■ **Work request**:
Copy nothing past the line containing "after a moment". Transcribe every line of the listing below up to and including it, from the first, except pictures.

■ **Extracted material**:
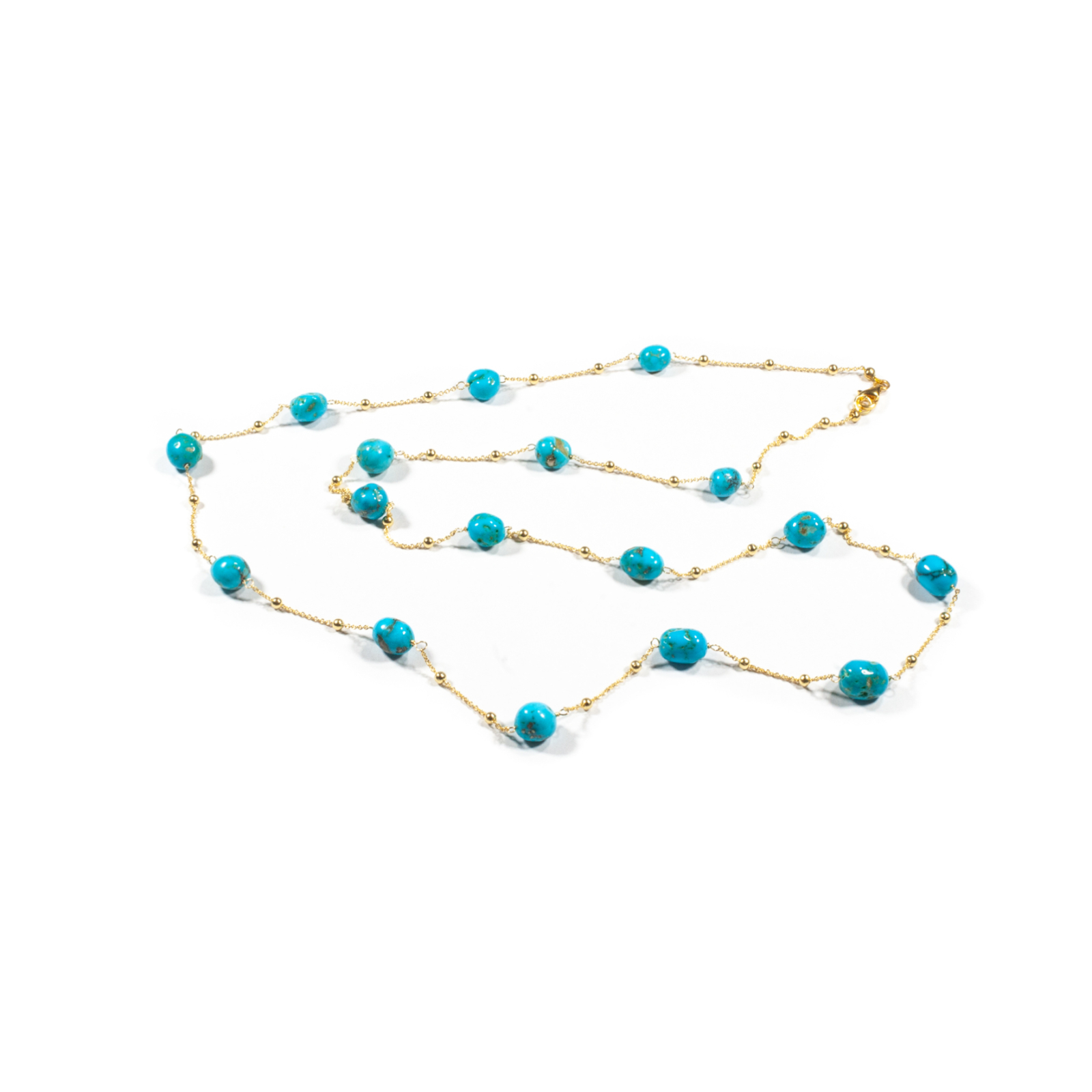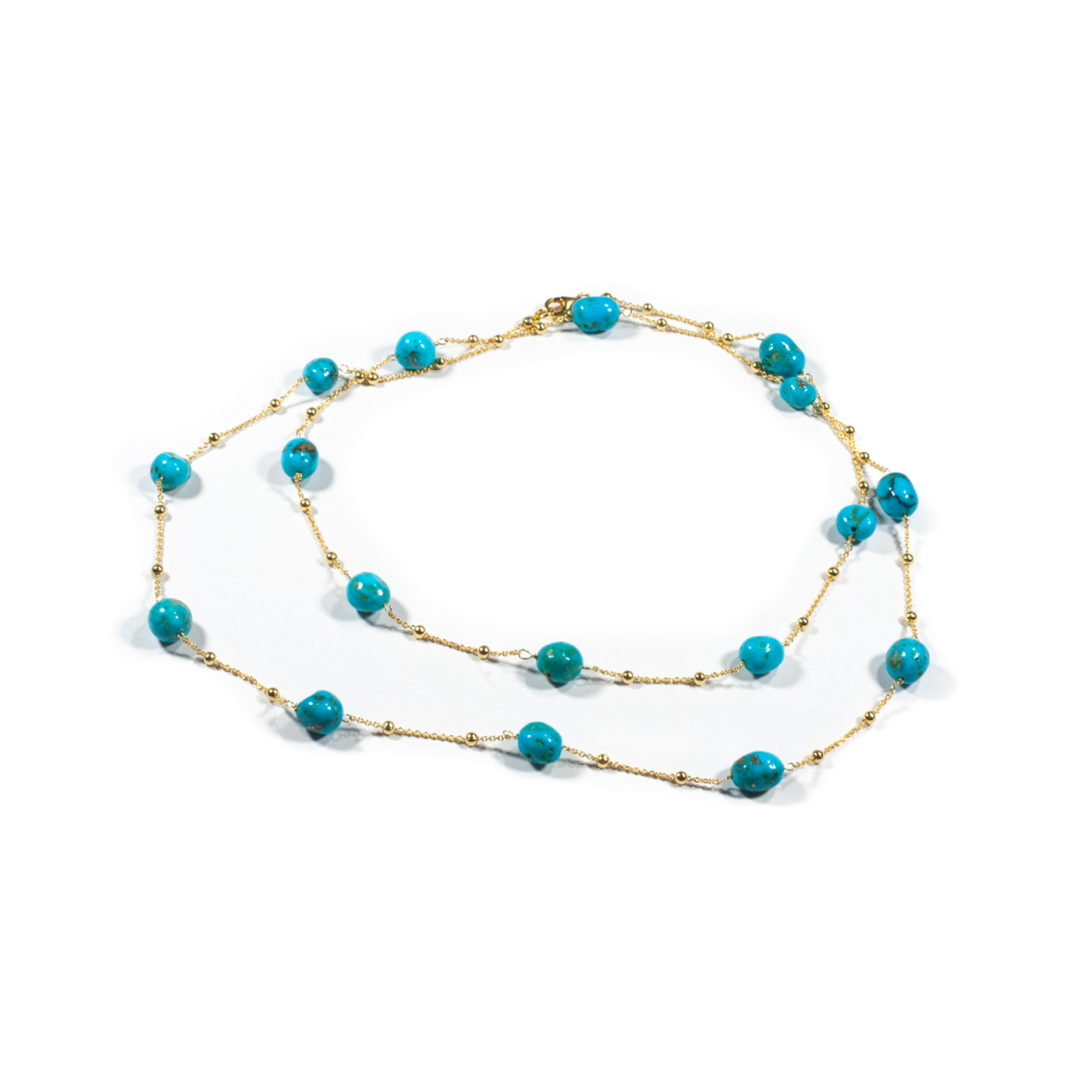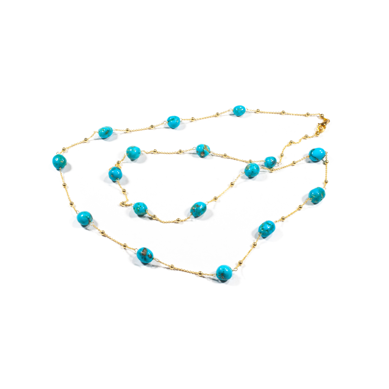 Colier unicat, concept Ioana Condurățeanu, realizat manual în atelierele Sheba din pietre naturale și lanț din argint auriu. Colierul este alcătuit dintr-un lanț din zale fine din argint auriu cu bobițe ce conține pietre cu tăietură caboșon de turcoaz de formă ovală. Contrastul dintre argint și pietrele naturale creează un design modern, echilibrat și versatil. Lungimea colierului și sistemul de închidere de tip carabină permite purtarea lui atât lung, cât și scurt, în jurul gâtului. O bijuterie cu personalitate, potrivită ținutelor de seară sau pentru un accent rafinat peste zi. Pentru a vă accesoriza acest colier vă puteți comanda în funcție de preferințe și ținuta la care doriți să îl purtați, cercei sau brățară în set.
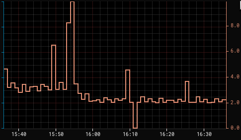 after a moment or two the CPU shifts down at a notably lower total utilization
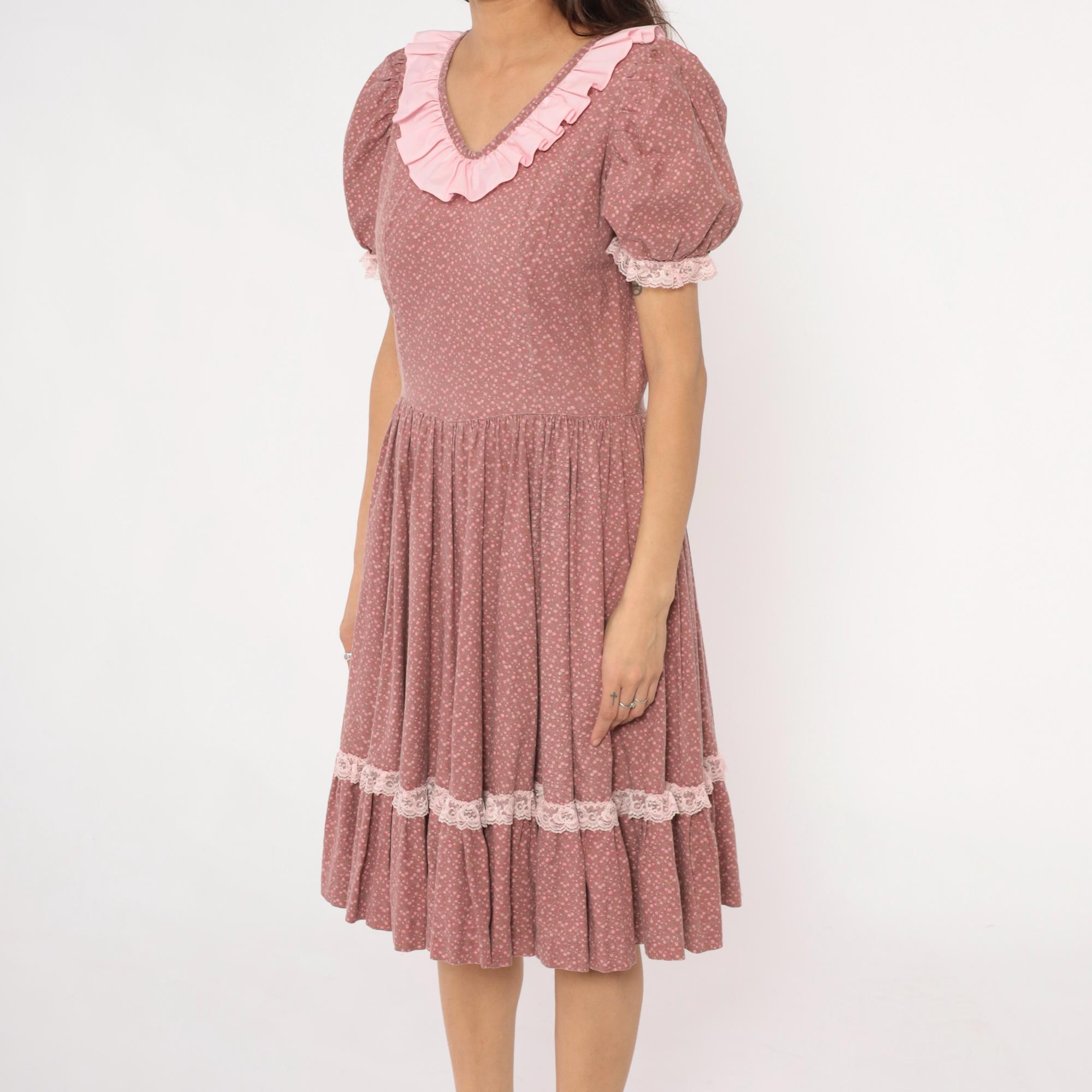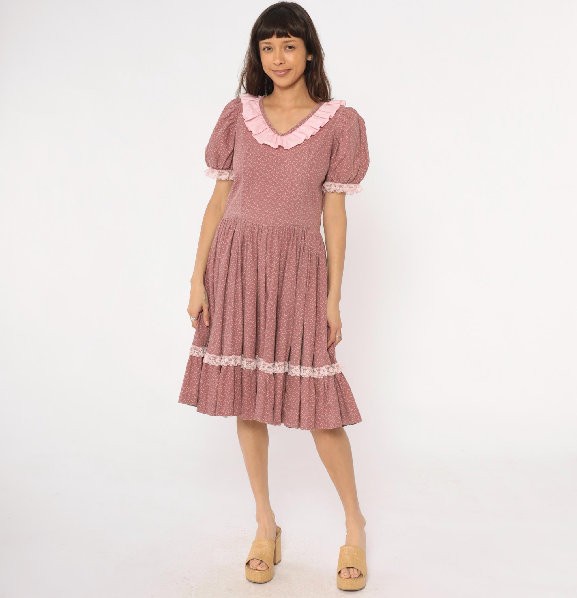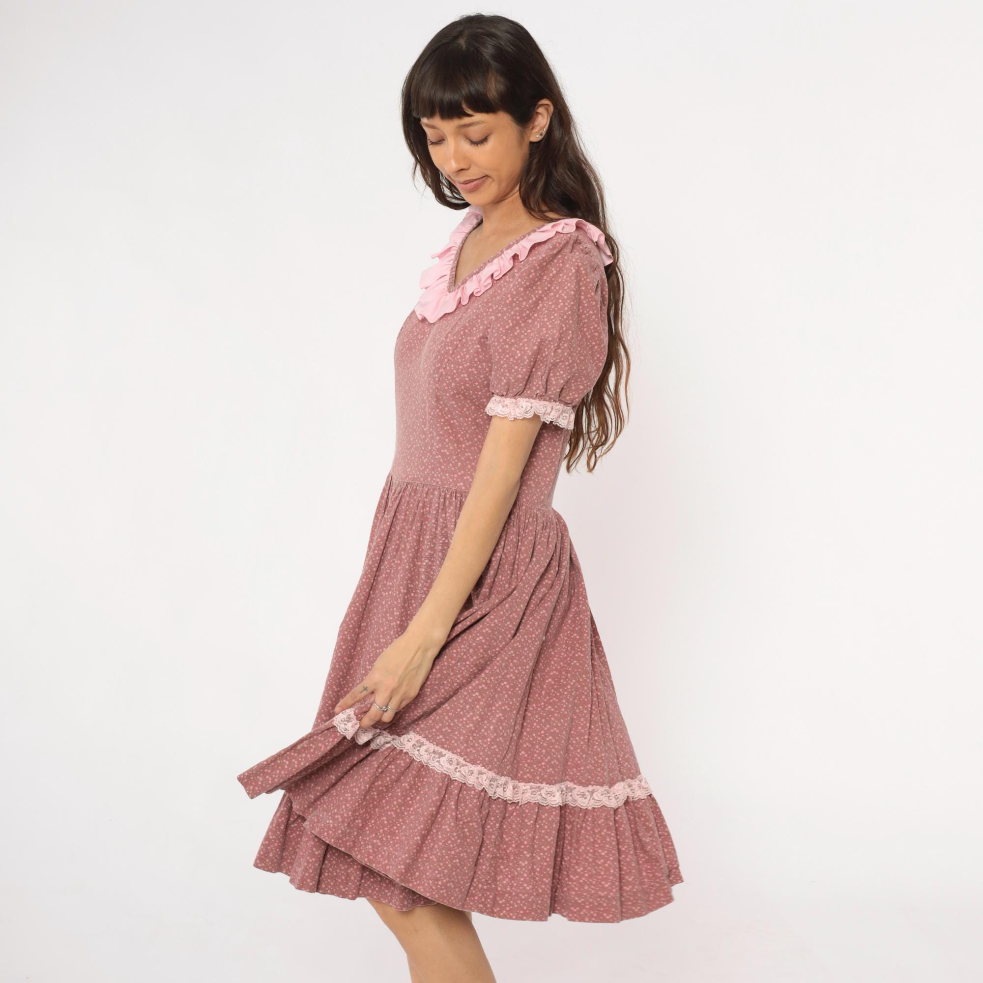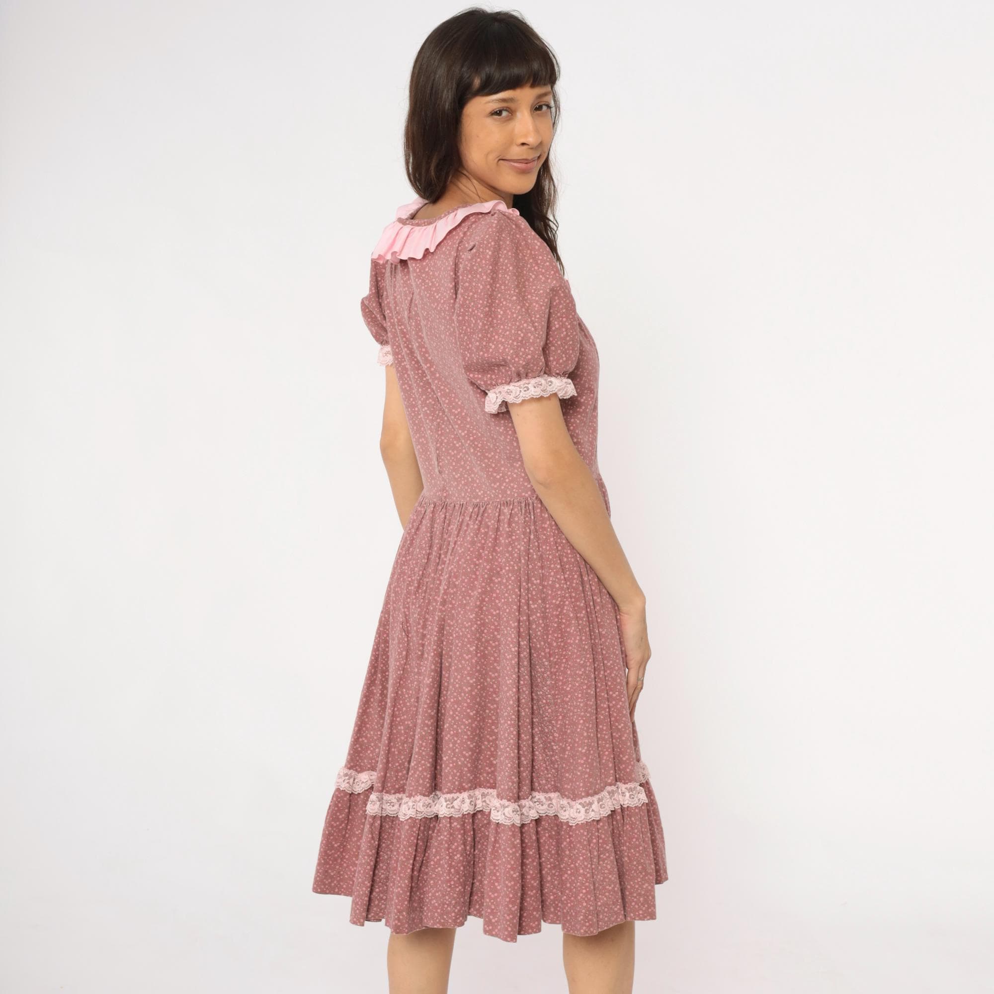 70s dusty rose prairie dress with small white floral print scattered across the fabric. Ruffle collar in solid pale pink, puff sleeves with white lace trim at cuffs, white lace trim at the tiered skirt. Fitted bodice with gathered waist, full A-line skirt with two tiers, back zipper closure.
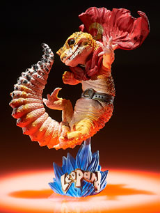 ゲッコー戦士レオパルド from WSCアーティスト自身による創作キャラクター ■ 商品販売価格 巧い、カワイイ、カッコイイ。爬虫類やその造形物にまるで興味のないような人からすると荒木のこの創作キャラクターのすごさにすぐには気付けないかもしれませんが、元ネタとなったレオパードゲッコー(日本名/ヒョウモントカゲモドキ)の完璧なディテール再現と、いまにも本当に動き出しそうな優れた躍動感、さらに、しっかりとその場の“風”を感じさせる絶妙なマントのなびかせ方などをよくよく観察していくと、同作品が醸し出している「じつに堅実、かつ、まだまだこの先の伸びしろを十二分に感じさせる基礎的な造形力の高さ」が読み解けるのではないでしょうか? |
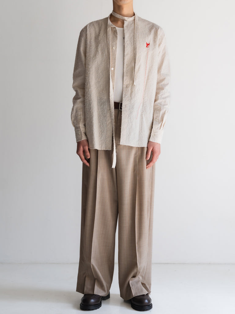 程よく短めの着丈はタックインした際に生地が溜まらないよう計算されている。
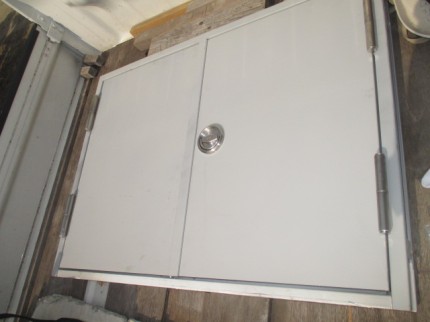 こちらが鋼製の両開き戸です、重さは結構あります。
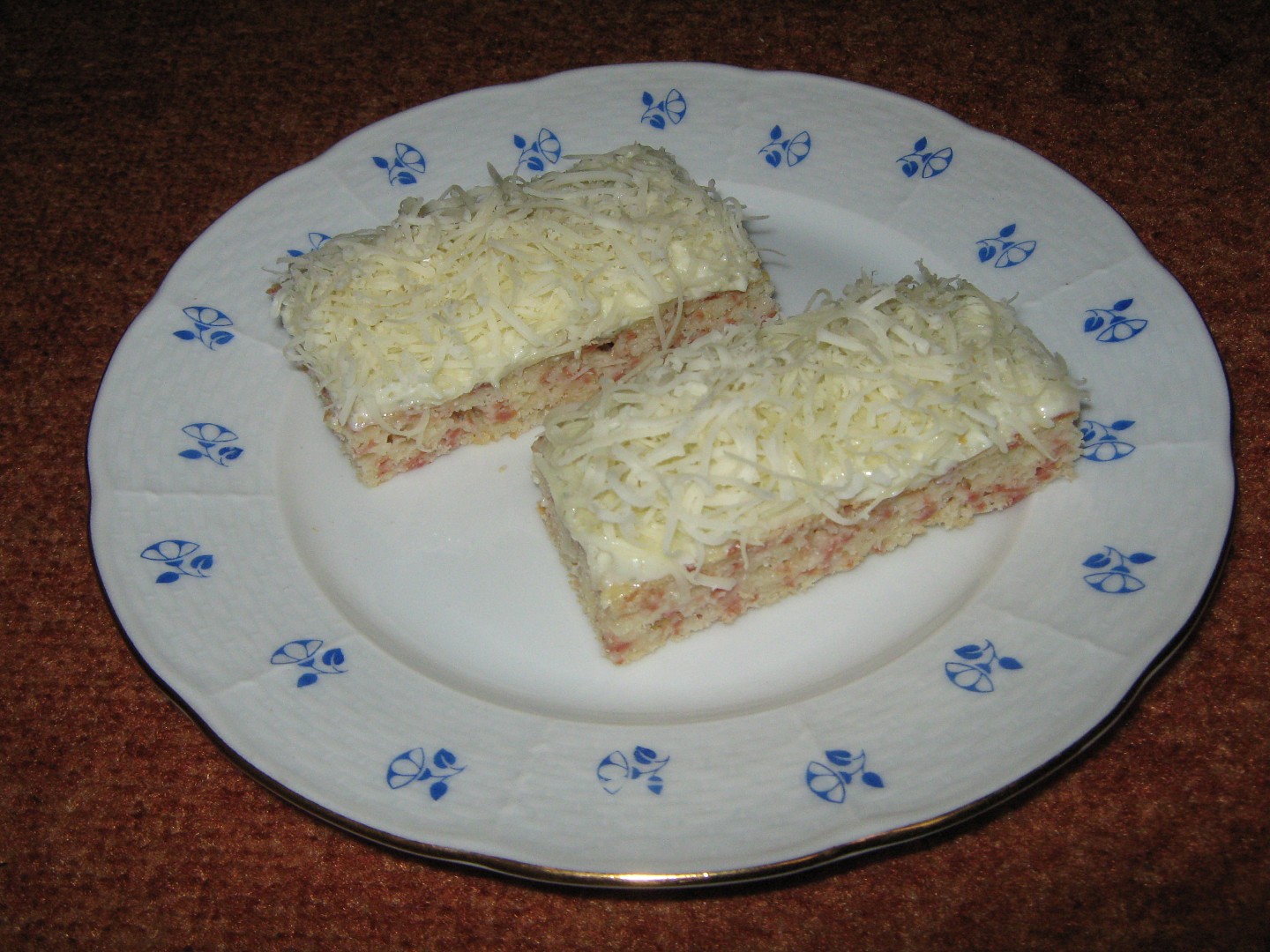 Připravený krém natřeme na korpus. Nakonec si nastrouháme eidam a posypeme krém, mírně přimáčkneme. Hotové řezy dáme do ledničky ztuhnout, alespoň na 5 hodin. Poté rozkrájíme a servírujeme.

■ **Reply**:
 Colier unicat, concept Ioana Condurățeanu, realizat manual în atelierele Sheba din pietre naturale și lanț din argint auriu. Colierul este alcătuit dintr-un lanț din zale fine din argint auriu cu bobițe ce conține pietre cu tăietură caboșon de turcoaz de formă ovală. Contrastul dintre argint și pietrele naturale creează un design modern, echilibrat și versatil. Lungimea colierului și sistemul de închidere de tip carabină permite purtarea lui atât lung, cât și scurt, în jurul gâtului. O bijuterie cu personalitate, potrivită ținutelor de seară sau pentru un accent rafinat peste zi. Pentru a vă accesoriza acest colier vă puteți comanda în funcție de preferințe și ținuta la care doriți să îl purtați, cercei sau brățară în set.
 after a moment or two the CPU shifts down at a notably lower total utilization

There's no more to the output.